For 28 grams and under, I would recommend that you pick up a stainless steel turkey baster for under $10 and make your own.  Bed, Breakfast, and Beyond has one about that size for $7.99.

We have our own glass columns built at a local scientific glass shop, and after some experimentation, I would advise no larger than a 1" bore for a simple flow through column.

They cost us $10, plus $1.00 an inch to have made in fully annealed heavy wall borosilicate.


----------



## Hushpuppy (May 29, 2012)

I actually have quite a bit more than 28 grams.
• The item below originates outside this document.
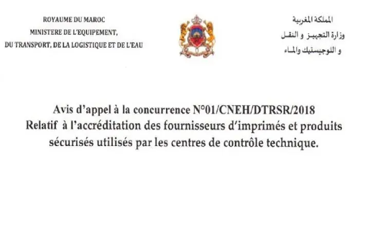 Avis d’appel à la concurrence N°01/CNEH/DTRSR/2018 relatif à l’accréditation des fournisseurs d’imprimés et produits sécurisés utilisés par les centres de contrôle technique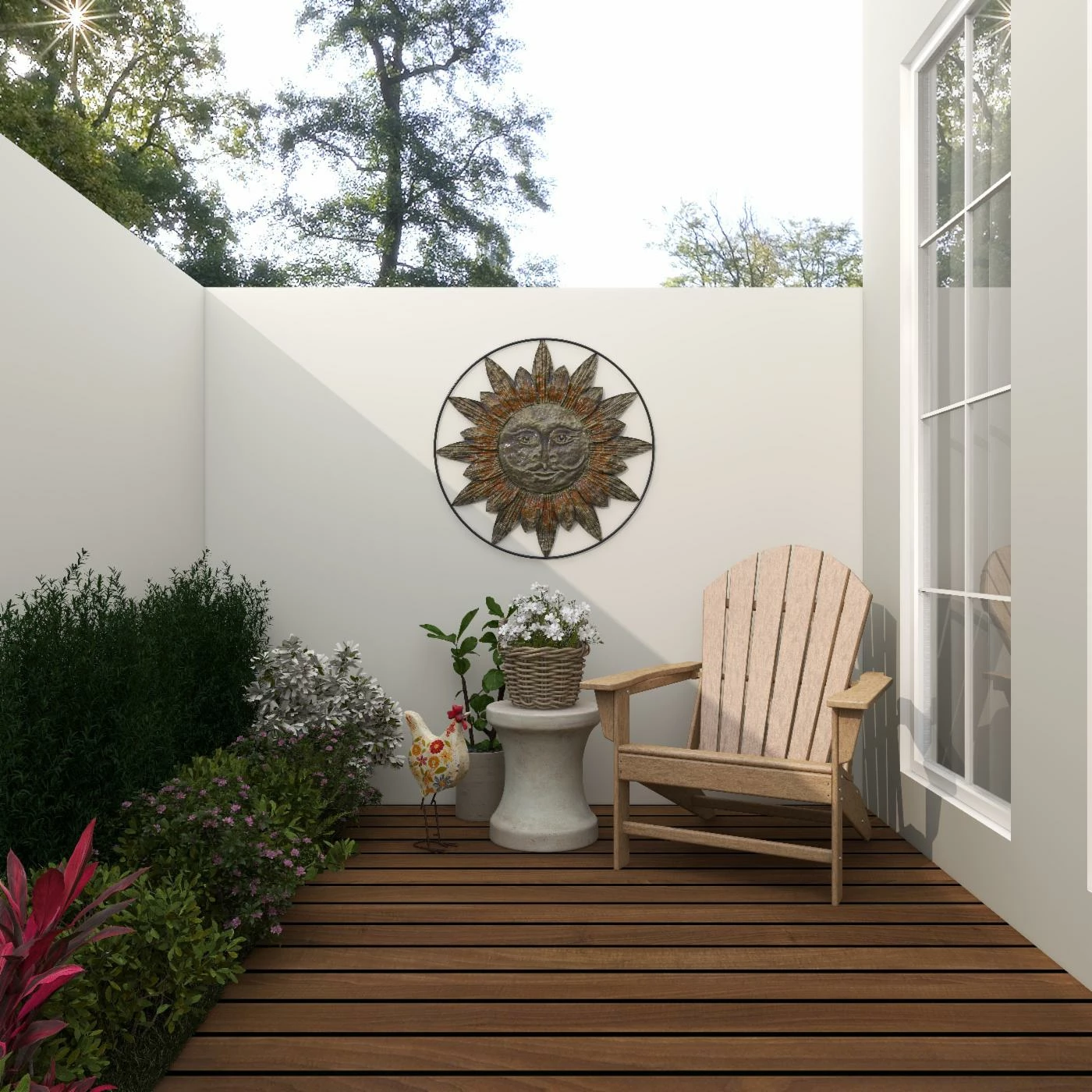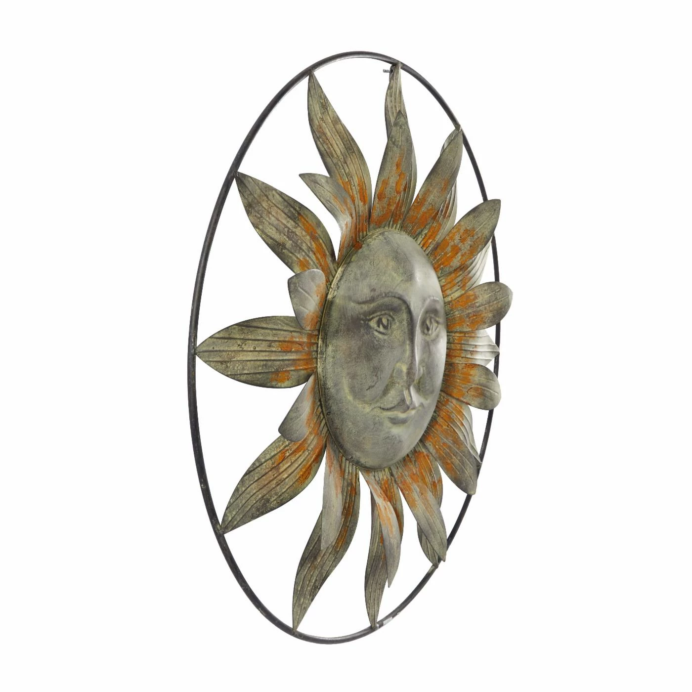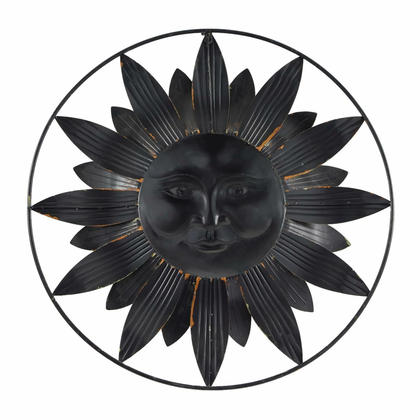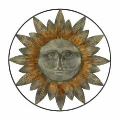 The DecMode Metal Sun Wall Sculpture – Brownβs celestial, iron-crafted design is set into a round iron frame to accent your wall in three-dimensional artistic style. This peaceful sunβs rays resemble flower petals to add earthy, natural appeal to this pretty textured wall art piece. Itβs finished in warm, rich distressed bronze to create a timelessly sophisticated piece with a charming touch.

I probably have a few pounds of small and airy bud and trim that is drying. I was just thinking to do 28 grams at a time as it seems like you would get better(more thorough saturation of butane) results from doing smaller amounts at a time.


----------



## pcduck (May 30, 2012)

I have the same one as Growdude, but in the single tube. I place about 28g per can of butane. Check out my BHO Party thread. Works great:aok:


----------



## Hushpuppy (May 30, 2012)

Cool  thanks guys. I went ahead and ordered a glass tube setup off of Ebay for about $20. I guess I will see how well it works and adjust from there. I was wondering about how much butane to use per given amount of trim material. PC, I will take a look at that thread


----------